LISTSERV at the University of Georgia
Menubar Imagemap
Home Browse Manage Request Manuals Register
Previous messageNext messagePrevious in topicNext in topicPrevious by same authorNext by same authorPrevious page (January 2003, week 1)Back to main SAS-L pageJoin or leave SAS-L (or change settings)ReplyPost a new messageSearchProportional fontNon-proportional font
Date:         Sun, 5 Jan 2003 16:35:06 +0000
Reply-To:     sashole@bellsouth.net
Sender:       "SAS(r) Discussion" <SAS-L@LISTSERV.UGA.EDU>
From:         Paul Dorfman <paul_dorfman@HOTMAIL.COM>
Subject:      Re: what does this mean?
Comments: To: aw@SOMELAB.NOSPAM.COM
Content-Type: text/plain; format=flowed

Andy,

I have seen the reply posted by Roland, however I beg to differ with his interpretation.

First, as you are a C, rather than a SAS, expert, you may be surprised to know that SAS gets all its mileage from just 2 data types: numeric and character. The latter is self-explanatory; the former is always a double-precision float (8-byte real binary). Not all combination of the 64 bits in this format represent numbers, so SAS have chosen to use these nans (not-a-numbers) to represent missing numeric values, or, if you will, null-values. Since SAS is, among many other things, an analytic and statistical package, missing values are of utmost importance and almost never should be (as some people do) be replaced by zeroes or other real numeric values.

Now, there are more than one nan, and SAS uses this fact to discriminate between missing values themselves - which is quite useful because different missing values can represent different missing entities (e.g. hair and/or brains). There are 28 numeric missing values having their own collating sequence. SAS uses the "dot-symbol" notation to hard-code missing values (below, "<" is just what it is, i.e. the "less than" sign):

_. < . < .a < .b < .c < ...... < .x < .y < .z

Note that i) it naturally corresponds to the collating sequence of the characters used to the right of the period to represent different missing values and ii) the notation is case-insensitive, id est (.a = .A) and so on. The lone period (second from the left) is actually dot-blank. It is considered the "standard" numeric missing value, because that is what SAS uses by default for its own diverse purposes when a missing value must be assigned to a variable, for example, when a function call that is supposed to return a numeric value cannot be executed, as in

x = sin (4) ; y = log2 (-123 ;

or a user asks to interpret a string 'A*B-C' as a number straight-up. The choice of the dot-blank for the standard numeric is somewhat arbitrary (for it is not the smallest, nor the largest missing value), but kind of consistent, since the SAS' only character missing value is represented by a blank (no diversity in this department). So, for the standard (and only) character null-value you've got a blank; for the standard numeric null-value you've got a dot-blank. Seems logical.

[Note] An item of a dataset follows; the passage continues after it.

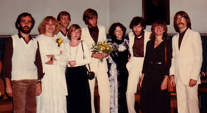 Ziet die jurk er bekend uit? Ellen en Joop bij hun promotie, 1979, Utrecht, met paranymfen (van links naar rechts: Bert van der Zwaan, Ellen, Ton en Carla Romein, Joop, Connie en Manfred van Bergen, Godelieve en Piet Hein Baelde).

Now, back to the .Z business, what is the programming intent of using a comparison like

if (RV > .z) then... ?

Well, since .Z is the largest missing value, the expression evaluates to true if RV is not missing, i.e. is not equal to *any* missing value, and to false otherwise, i.e. if RV is equal to any of the missing values, or, in other words, is missing. In the current version, SAS provided the MISSING() function, so the same could (and I think should) be coded as

if not missing (rv) then ...

The function works regardless of the argument type, i.e. it will test RV for missing whether it is numeric or character variable. Note that if you see something like

if n (rv) > 0 then ...

("if the number of non-missing arguments is greater than 0") or

if nmiss (rv) = 0

("if the number of missing arguments is zero")

will do the same, but only if the argument is numeric. Finally, lest there be any confusion left, let me reiterate that "numeric variable" or "SAS number" means a variable of the numeric data type (i.e. SAS-computable value in the double-float real-binary representation) and *not* a string consisting of digits, looking like a number of some kind, etc. SAS provides numerous routines called informats to interpret a great variety of things like that and convert them into its RB8 number, but this is a topic for a different discussion.

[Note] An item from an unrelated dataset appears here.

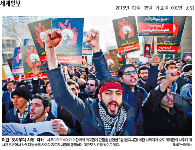 이날 세계일보와 한겨레신문은 급격하게 관계가 경색된 사우디아라비아와 이란 소식을 1면 사진으로 전했다. 세계일보는 “사우디아라비아가 이란과의 외교관계 단절을 선언한 3일 이란 시위대가 수도 테헤란의 사우디 대사관 인근에서 사우디 당국의 시아파 지도자 처형에 항의하는 대규모 시위를 벌이고 있다”고 보도했다.

Kind regards, ------------------ Paul M. Dorfman Jacksonville, FL ------------------

>From: Andy Walsh <aw@SOMELAB.NOSPAM.COM> >Reply-To: Andy Walsh <aw@SOMELAB.NOSPAM.COM> >To: SAS-L@LISTSERV.UGA.EDU >Subject: what does this mean? >Date: Mon, 6 Jan 2003 00:58:53 +1100 > >I am converting SAS code output to C (I know nothing about SAS). > >What does the following line of code mean? (surely should be easy for >experts!) > >if ( RV > .z ) goto N0_5; > >I just don't get the .z part...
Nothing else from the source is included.